*** INFORMATION PROVIDED Section Begins ***

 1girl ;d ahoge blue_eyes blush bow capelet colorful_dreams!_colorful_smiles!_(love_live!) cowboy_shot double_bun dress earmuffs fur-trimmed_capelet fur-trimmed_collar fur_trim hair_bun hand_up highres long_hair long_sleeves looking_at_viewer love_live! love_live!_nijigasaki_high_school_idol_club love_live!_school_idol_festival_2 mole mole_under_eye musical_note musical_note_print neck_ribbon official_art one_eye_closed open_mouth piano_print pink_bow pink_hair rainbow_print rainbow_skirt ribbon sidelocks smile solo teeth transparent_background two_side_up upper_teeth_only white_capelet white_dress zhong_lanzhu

*** INFORMATION PROVIDED Section Ends ***
*** INFORMATION PROVIDED Section Begins ***

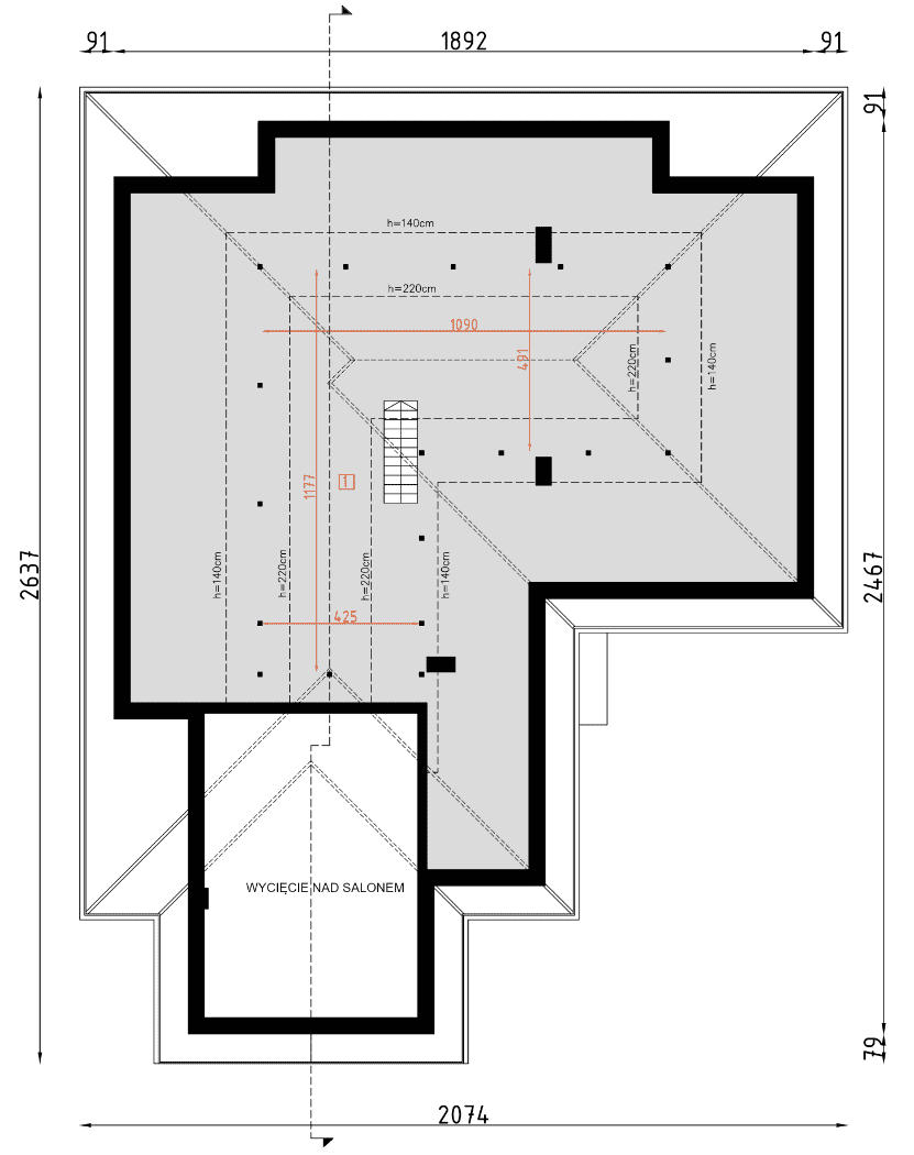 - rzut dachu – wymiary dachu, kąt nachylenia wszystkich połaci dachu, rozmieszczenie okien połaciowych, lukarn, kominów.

*** INFORMATION PROVIDED Section Ends ***
*** INFORMATION PROVIDED Section Begins ***

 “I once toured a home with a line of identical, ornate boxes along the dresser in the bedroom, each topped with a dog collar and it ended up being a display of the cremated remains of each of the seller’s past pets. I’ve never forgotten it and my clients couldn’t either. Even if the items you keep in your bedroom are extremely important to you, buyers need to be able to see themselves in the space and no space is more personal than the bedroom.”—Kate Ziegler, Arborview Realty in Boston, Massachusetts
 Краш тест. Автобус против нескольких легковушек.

*** INFORMATION PROVIDED Section Ends ***

Among the lines above, find the one with "in Boston, Massachusetts" and the one with "Краш тест. Автобус". Quote both and everything between them, exactly.

 “I once toured a home with a line of identical, ornate boxes along the dresser in the bedroom, each topped with a dog collar and it ended up being a display of the cremated remains of each of the seller’s past pets. I’ve never forgotten it and my clients couldn’t either. Even if the items you keep in your bedroom are extremely important to you, buyers need to be able to see themselves in the space and no space is more personal than the bedroom.”—Kate Ziegler, Arborview Realty in Boston, Massachusetts
 Краш тест. Автобус против нескольких легковушек.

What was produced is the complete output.